Por último, podemos mencionar el fenómeno del regulatory capture, que se refiere al modo en el que los intereses particulares de las empresas más poderosas acaban influyendo y determinando el signo de las políticas, ejerciendo su influencia mediante lobbies y obteniendo favores a cambio -por ejemplo, amnistías fiscales. Bastaría mirar bien cerca en España pensando en las corporaciones eléctricas o en los grandes bancos para comprender lo familiar que ha llegado a ser este fenómeno.

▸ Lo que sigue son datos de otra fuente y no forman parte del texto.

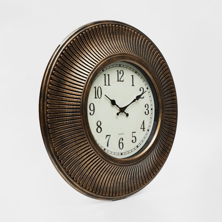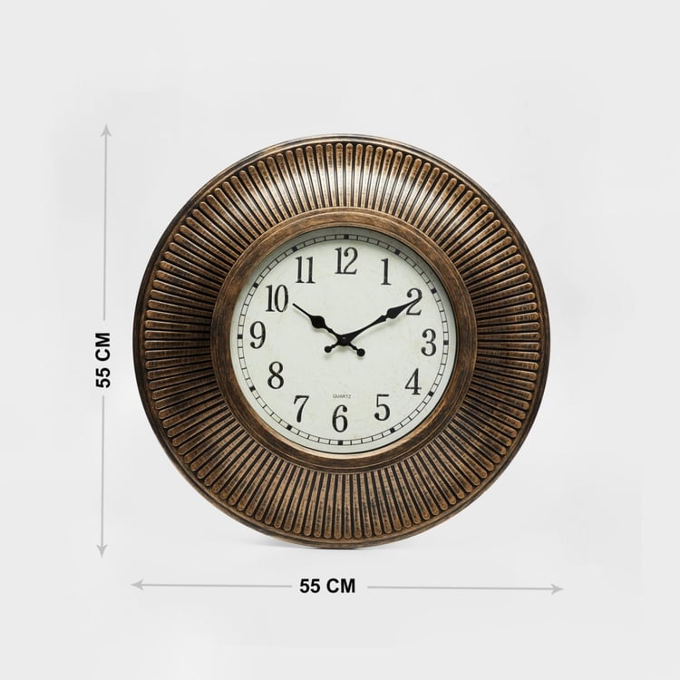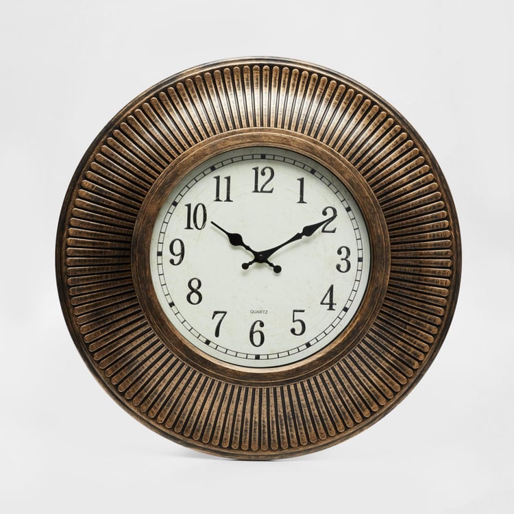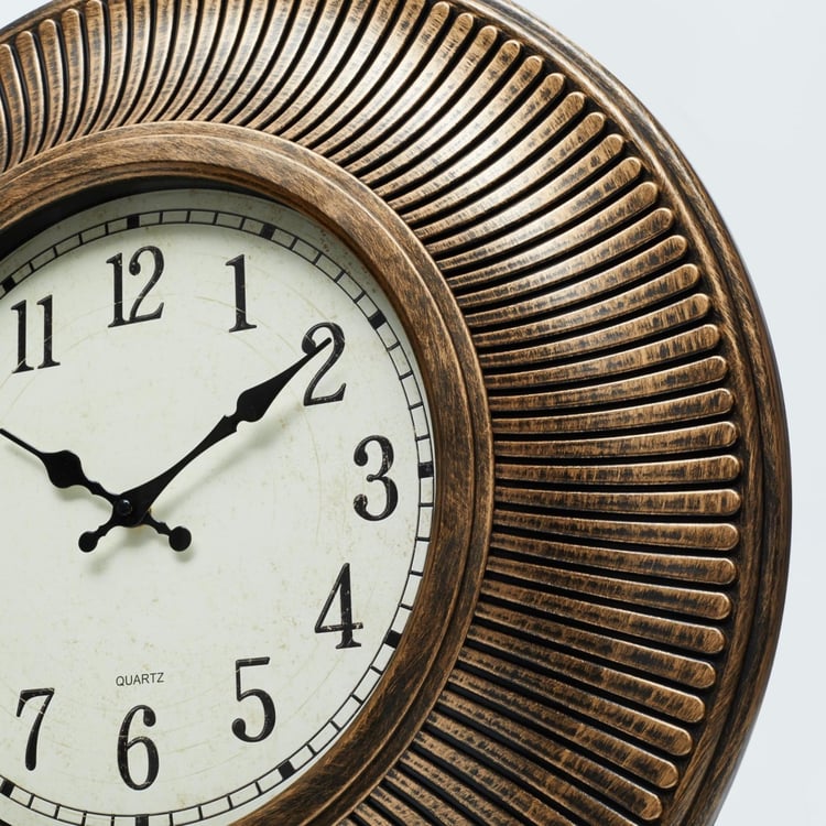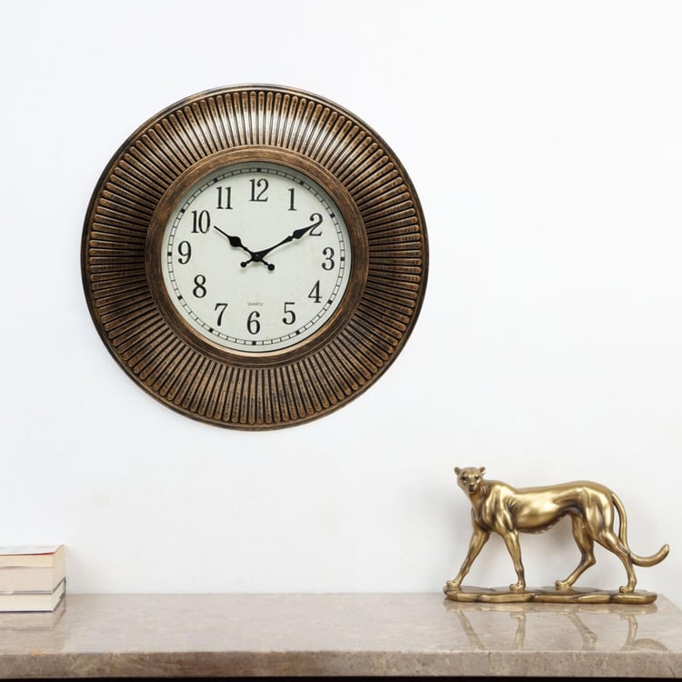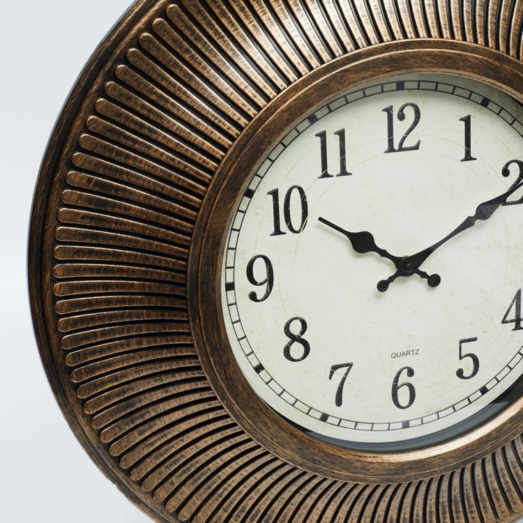 Designed into a round vintage wall accent with analog function, this wall clock makes for an elegant timepiece.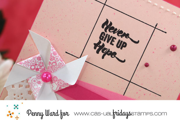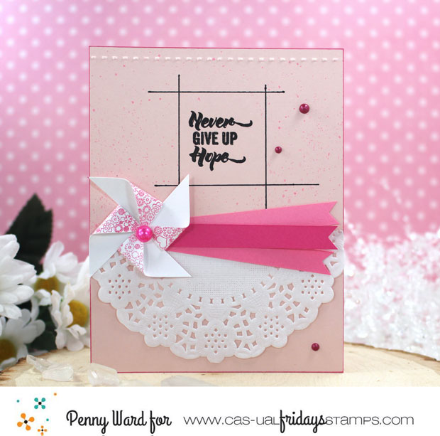 (The adorable pinwheel is the ribbon from Hope Ribbon set, stamped several times then trimmed)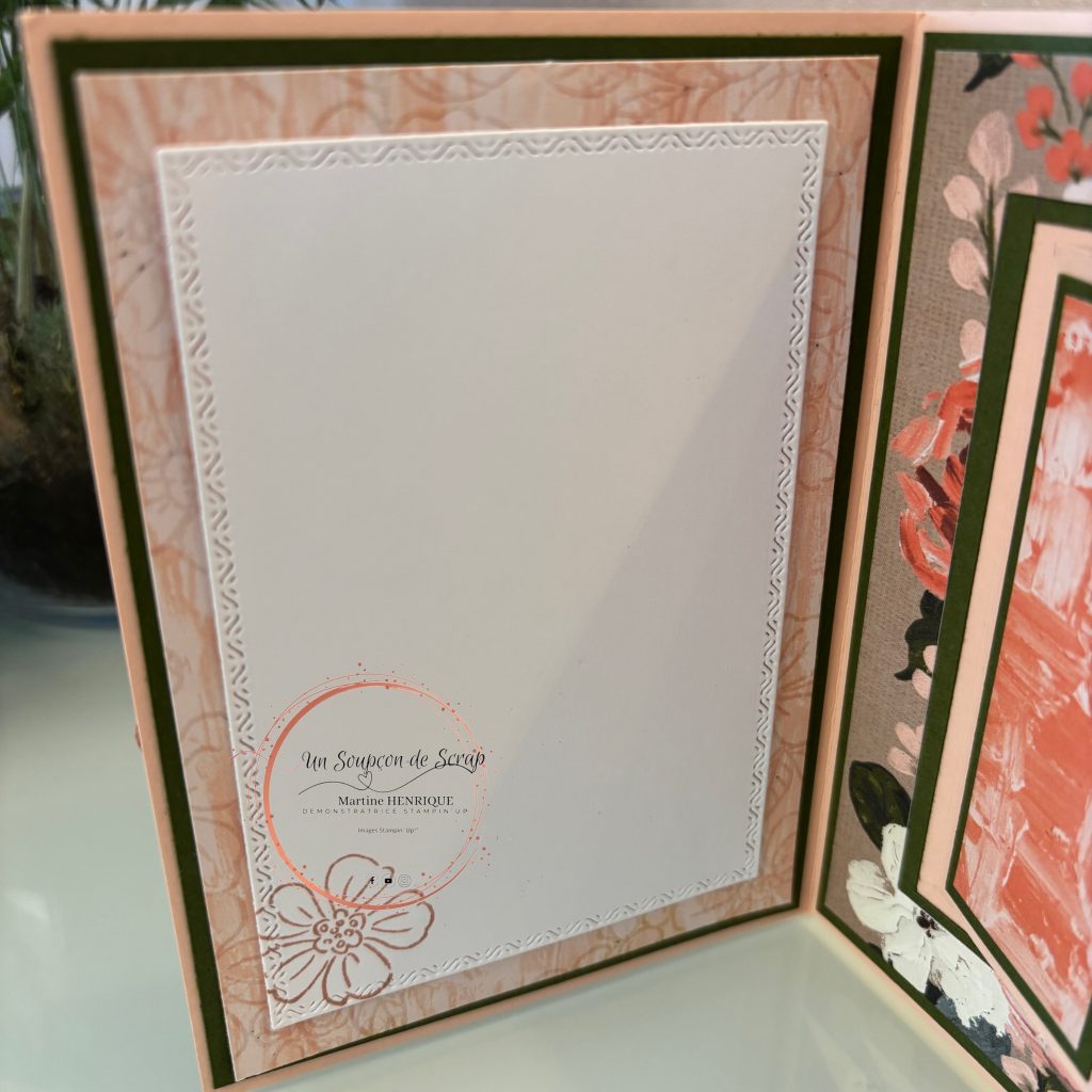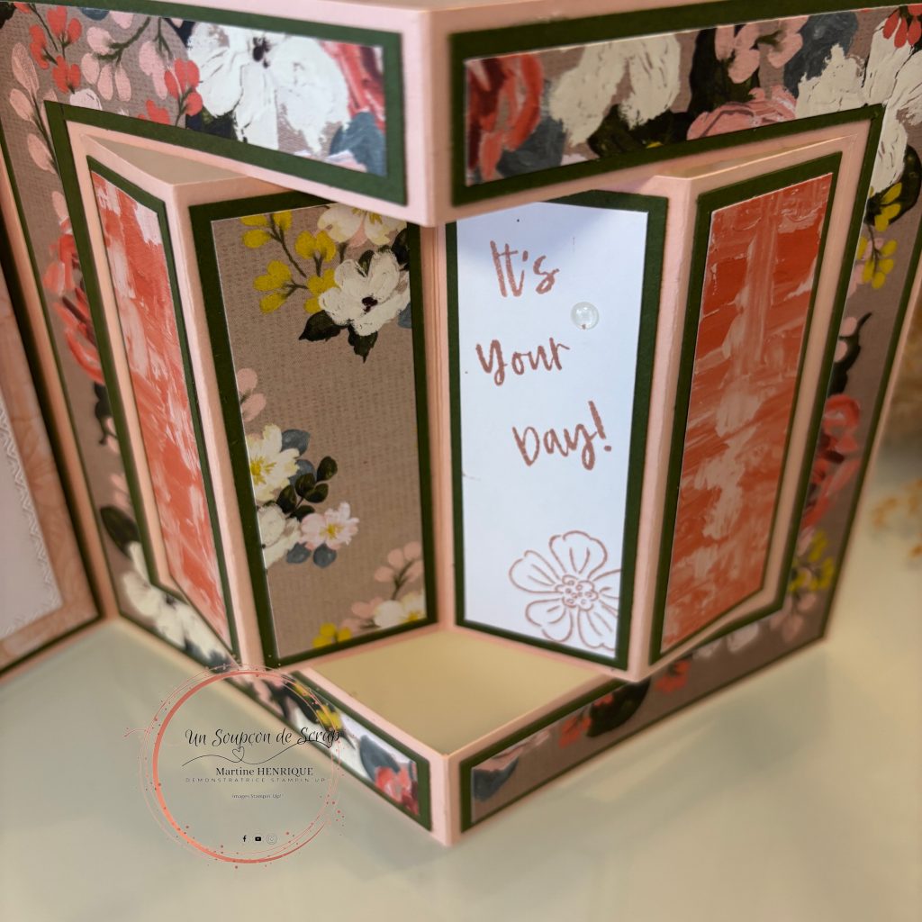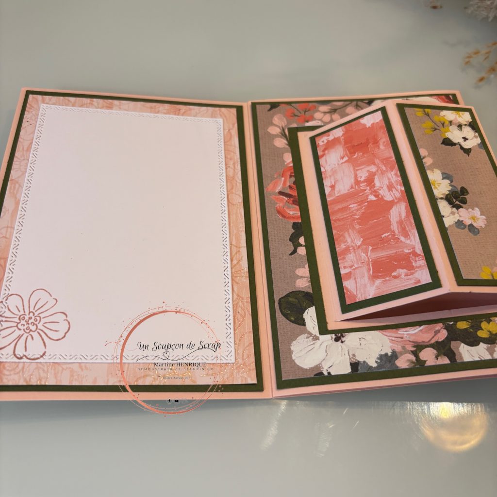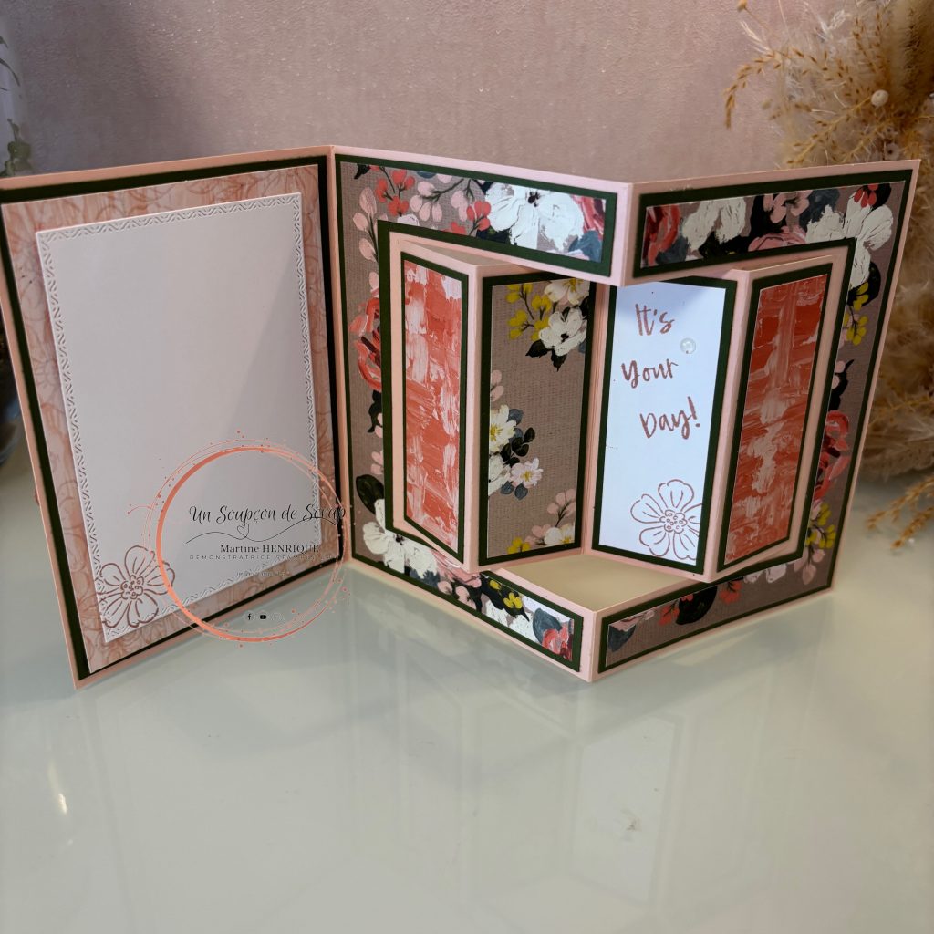 C’est une carte superbe que tu pourras offrir avec plaisir. Elle tient debout et ses jolis panneaux vont pouvoir accueillir tes jolis papiers, ou tamponnages.

Ante esta situación, el ámbito académico, quienes trabajamos en universidades y centros de investigación, tenemos una ineludible responsabilidad social en el objetivo de luchar contra la pobreza, dando a conocer los mecanismos que la perpetúan, trabajando para diseñar instituciones globales que favorezcan la justicia, transformando las ideas en acciones. Este es el propósito de ASAP (Academics Stand Against Poverty): http://academicsstand.org/
Entre los proyectos actuales de ASAP destaca el dedicado a la agenda post-ODM (Objetivos de Desarrollo del Milenio). Eran objetivos para el año próximo, el 2015, y por tanto es necesario establecer sus sucesores. ¿A qué objetivos se debe comprometer el mundo para los quince años posteriores a 2015? Otro proyecto se centra en los flujos financieros ilícitos, analizando los grandes trasvases de pagos que fluyen de los países pobres, sobre todo hacia paraísos fiscales o jurisdicciones secretas. ASAP trabaja también en un proyecto centrado en la salud, el Health Impact Fund (Fondo de Impacto sobre la Salud), diseñado para evitar el que no existan remedios asequibles para la parte más pobre de la humanidad, a causa del interés económico y el sistema de patentes actual. Cuando las compañías farmacéuticas tienen un nuevo medicamento bajo patente, suelen aumentar sus precios 50, 60, 80, e incluso 100 veces por encima de los costes de producción con el fin de recuperar sus gastos de investigación y desarrollo y producir beneficios enormes. ASAP propone que esas compañías deben tener la oportunidad de vender tales medicamentos a un precio de coste y ser recompensadas por su invención a través de pagos basados en el impacto de ese medicamento en la salud. En virtud de este mecanismo de recompensa alternativo, cuanto más impacto tenga una medicina en la salud (cuanto más útil sea para el mundo), más dinero recibe la empresa innovadora.
Hay caminos realizables para erradicar la pobreza y la comunidad académica ha de estar comprometida en favorecerlos, plantearlos y defenderlos. Es un compromiso ineludible. Porque donde hay justicia, no hay pobreza (Confucio).